3. Some suggestions to include in literature review. My suggestions are to include BERT and other language model-based recommendation systems, as the paper pose the problem being solved as NLP based recommendation system. For example: Sun, Fei, et al. "BERT4Rec: Sequential recommendation with bidirectional encoder representations from transformer." Proceedings of the 28th ACM international conference on information and knowledge management. 2019.

References were added to related work section including BERT of Sun, F., et al. (2019) and collaborative recommendation system based on EM of Mao, Y., et al. (2017).

4. Few minor spelling errors when mentioning Spacy

We fixed spelling and grammatical errors.

Reviewer 3 Report

1.      This paper has a concerning high similarity rate/repeat rate, which is 45%.
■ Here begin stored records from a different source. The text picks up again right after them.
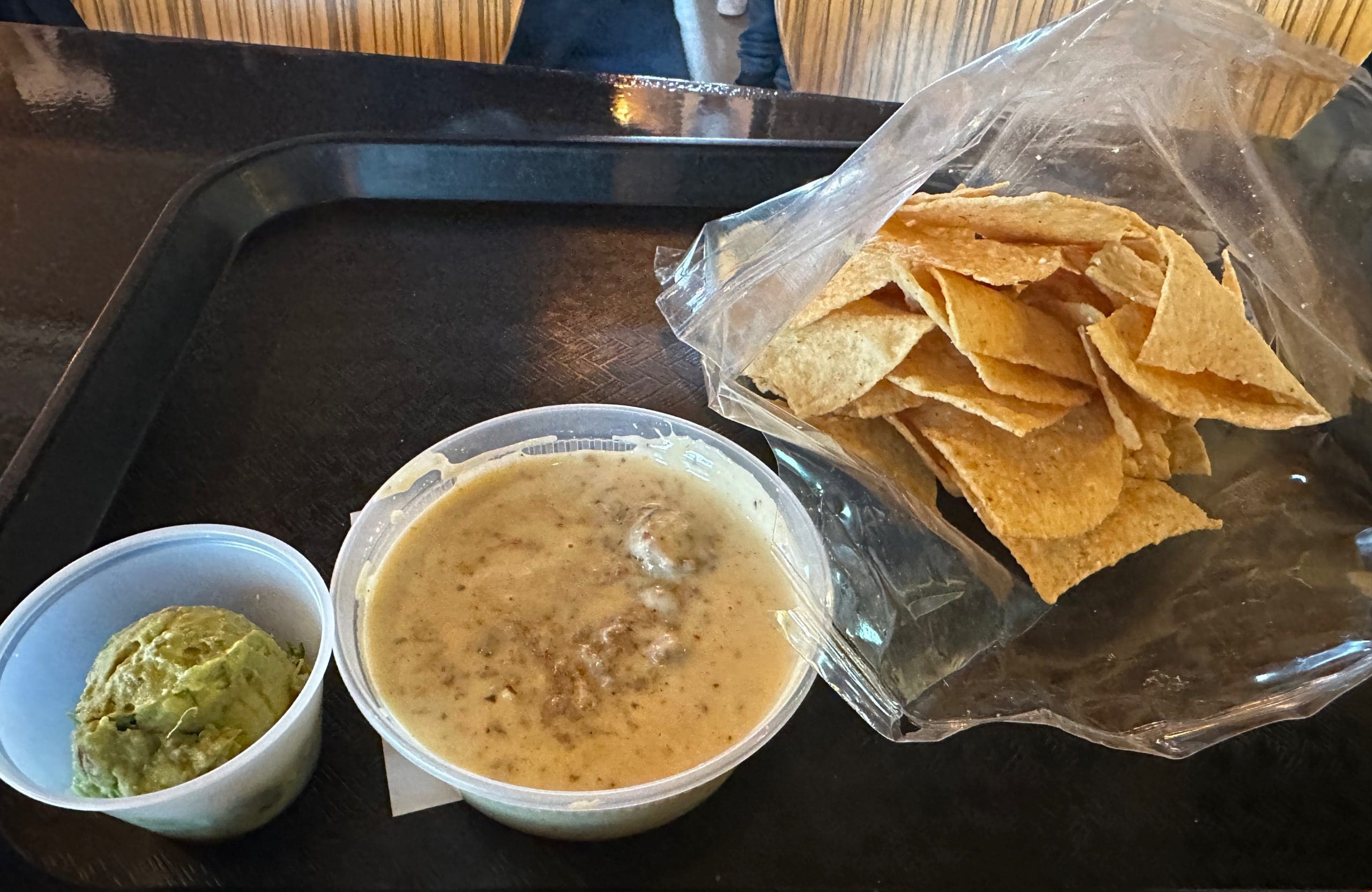 Though classic (crinkle cut fries, tots, battered onion rolls) are available, sides also include potato latkes (with Hatch green chile and Chedddar) and homeboy chile con queso with chips. Ground beef is more prevalent than chile which again barely registers. A side of rich, creamy guacamole is also provided. A sealed bag of chips should last you, but the gracious staff will provide another should you polish off the one provided.
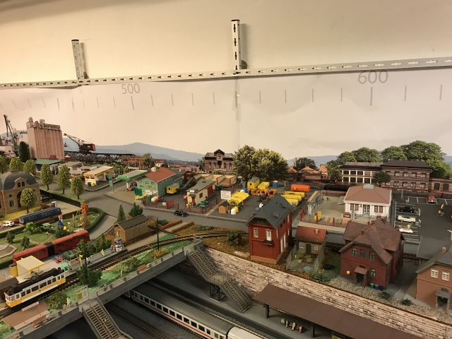 Auf diesem Bild ist der Verlauf der Straße von der Stadt und der Brücke sehr gut einzusehen. Volker hat hier sehr genau gemessen, so dass die Brücke auch die erforderliche Höhe hat, damit die Züge nicht hängen bleiben.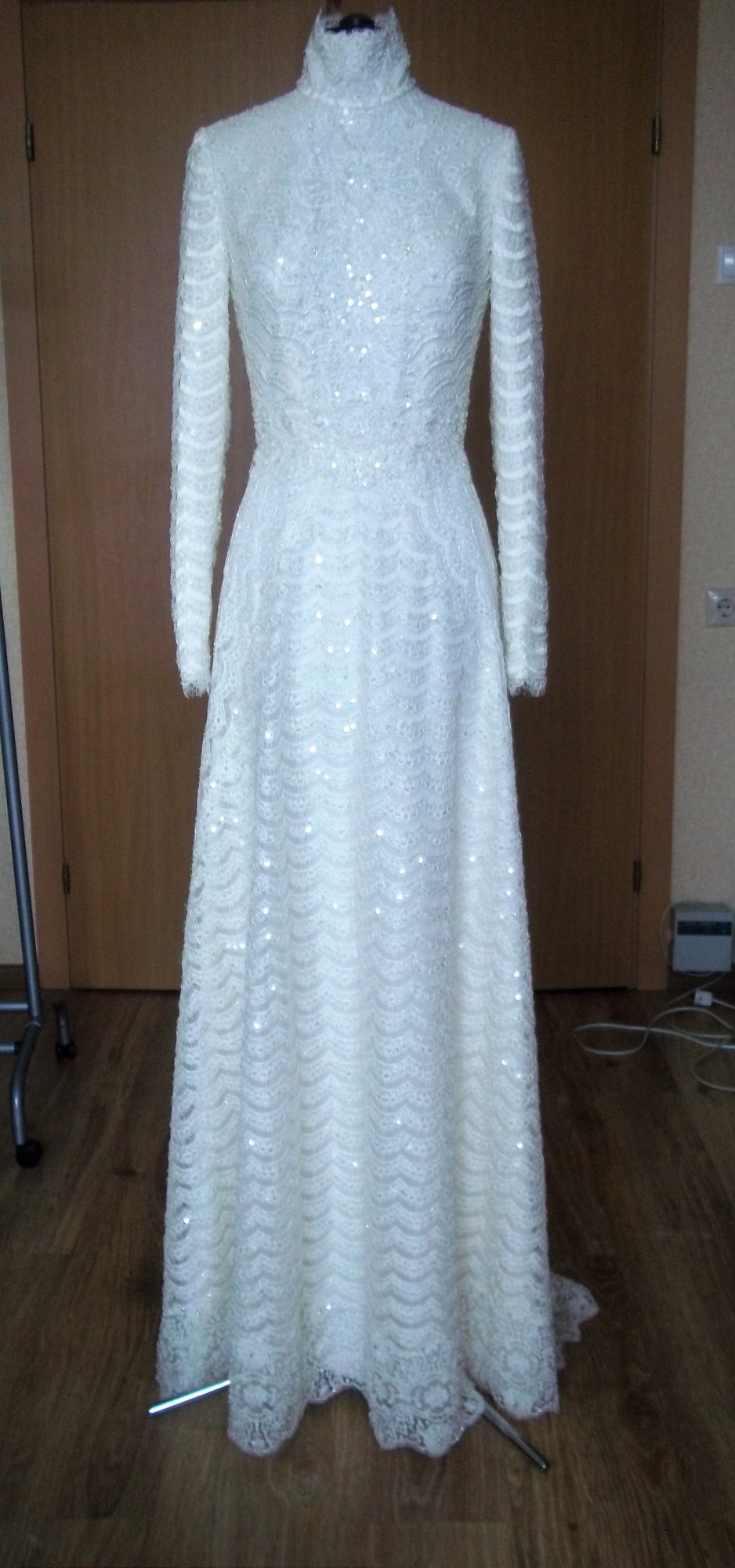 Речь шла о кружевном (расшитом бисером,пайетками) платье и кейпе с капюшоном. Кейп хотели сначала кружевной, потом думали из органзы. Уговорила на сетку (воздушная, не мнется)

2.      Important parts of the manuscript are copy/pasted with no proper referencing.  For example:

a.      Related work was copied word for word from: https://ieeexplore.ieee.org/document/9336532/authors#authors

b.      Problem formulation was copied from https://oaktrust.library.tamu.edu/bitstream/handle/1969.1/154963/GUO-THESIS-2015.pdf?sequence=1 (You only removed monster and indeed.com with sa.indeed.) And http://ceur-ws.org/Vol-2960/paper17.pdf

c.      All word embedding discussion were copied from http://ceur-ws.org/Vol-2960/paper17.pdf

d.      5.2 Data Scrapping was copied from http://ceur-ws.org/Vol-2960/paper17.pdf  and https://brightdata.com/blog/how-tos/how-to-use-beautiful-soup-for-web-scraping-with-python and https://medium.com/ymedialabs-innovation/web-scraping-using-beautiful-soup-and-selenium-for-dynamic-page-2f8ad15efe25

e.      5.3 data preprocessing was copied from http://ceur-ws.org/Vol-2960/paper17.pdf

f.       5.4 was copied from http://ceur-ws.org/Vol-2960/paper17.pdf  https://pergamos.lib.uoa.gr/uoa/dl/frontend/file/lib/default/data/2964276/theFile

g.      The list goes on and on including 5.5, 5.6, 6.1 (very concerning when the result part is copied)
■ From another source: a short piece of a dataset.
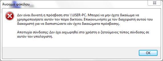 Επισκέπτης Δημοσ. 1 Οκτωβρίου 2009 Δημοσ. 1 Οκτωβρίου 2009 Απ' τα Windows 7 εντοπίζω τον άλλον υπολογιστή αλλά μόλις πάω να συνδεθώ μου βγάζει το εξής μήνυμα που βλέπετε στην εικόνα παρακάτω. Τι πρέπει να κάνω γι' αυτό; Απ' τον υπολογιστή με τα Vista δεν μπορώ να εντοπίσω τον άλλον υπολογιστή.
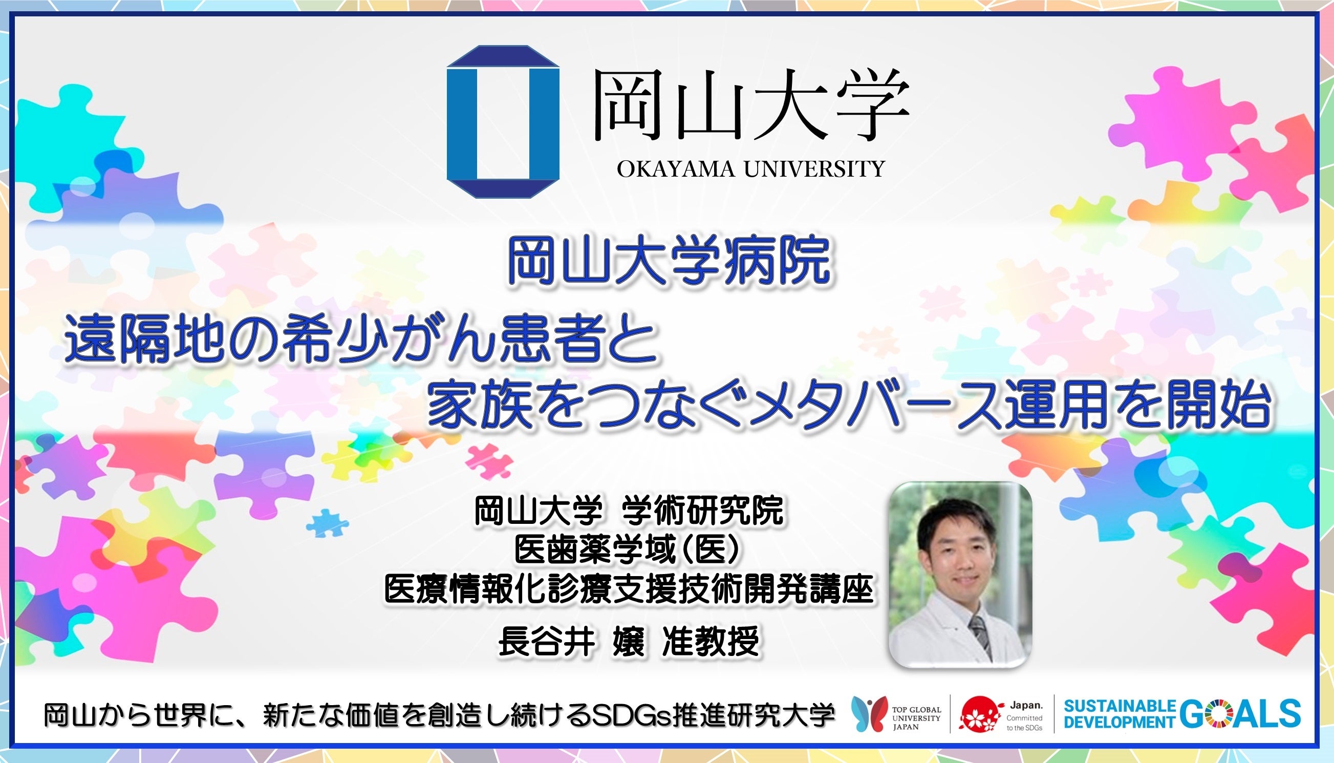 これらの問題を解決するため、岡山大学学術研究院医歯薬学域(医)医療情報化診療支援技術開発講座の長谷井嬢准教授(整形外科)は、2023年6月に遠隔地の患者さんやご家族を繋げるメタバースを開発し、空間の公開を開始しました。現在は、遠隔地の患者さん同士の交流を行うために、全国の拠点病院病院と各診療科との調整を行っており、2023年中には試験運用を開始する予定です。

3.      It is concerning that this paper heavily used : http://ceur-ws.org/Vol-2960/paper17.pdf but it was never mentioned in the references list.

4.      Many figures were basically copied from other published work without even referencing that work for example figure 7

5.      The work lacks novelty and originality; similar methods can be found in basic ML tutorials: https://towardsdatascience.com/a-review-of-named-entity-recognition-ner-using-automatic-summarization-of-resumes-5248a75de175

6.      Data is neither interesting nor representative.
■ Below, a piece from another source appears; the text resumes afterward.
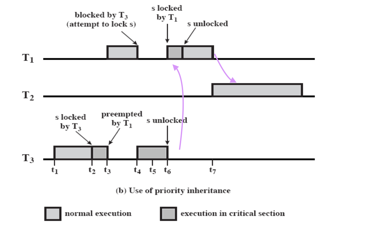 T3 가 작업하다 T1 에게 CPU 를 걸고 T1 이 s 에 lock 을 걸려고 할 때, T3 의 우선순위를 T1 만큼 높여준다.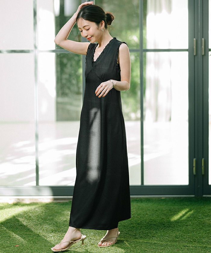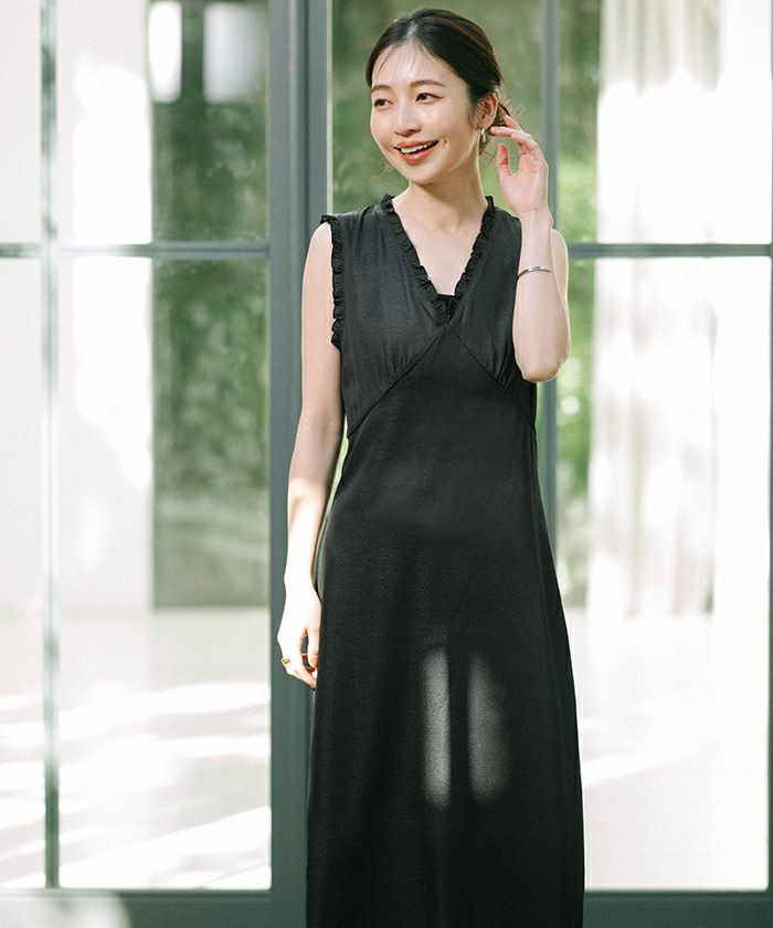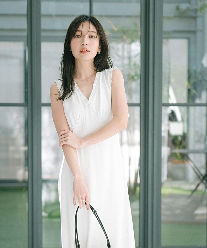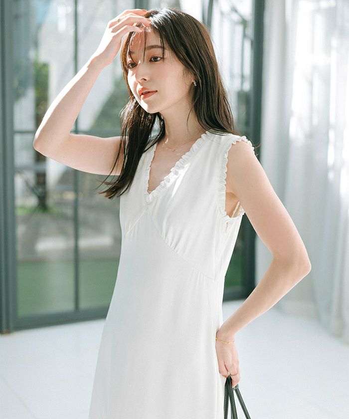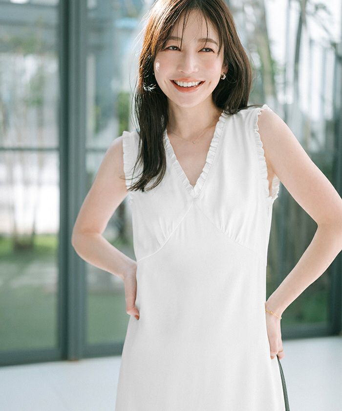 フリルデザインがポイントのワンピース。

7.      Data were not properly described, lines from 250-254 describes which CV’s were collected but I cannot see how many CV were downloaded, what is the test/train split ratio.

8.      It is mentioned that 25 resumes ware used for testing, but what about training, and is this a sufficient number of resumes to yield conclusions.

9.      No comparison with SOTA approaches were presented

10.   Around 60% of the references are old.

Author Response

1. This paper has a concerning high similarity rate/repeat rate, which is 45%.

The similarity rate indicated in the sent document by the journal editor is 23% (kindly find in attached file the Ithenticate report sent by the editor combined with answers to your all comments/suggestions). Even with a rate of 23%, we agree with you that this rate is a little high since we used some preliminaries related to the prediction and validation models of our reciprocal recommendation system. According to the similarity report sent by the editor, the part that gave this rate is that of the related work section (4% according to the similarity report of the editor), and the rate of 3% corresponds to the text of the header and the footer of the paper (2022, Submitted to Big Data Cogn. Comput. and three URLs of the journal in the footer). The similarity of the rest does not exceed 1%.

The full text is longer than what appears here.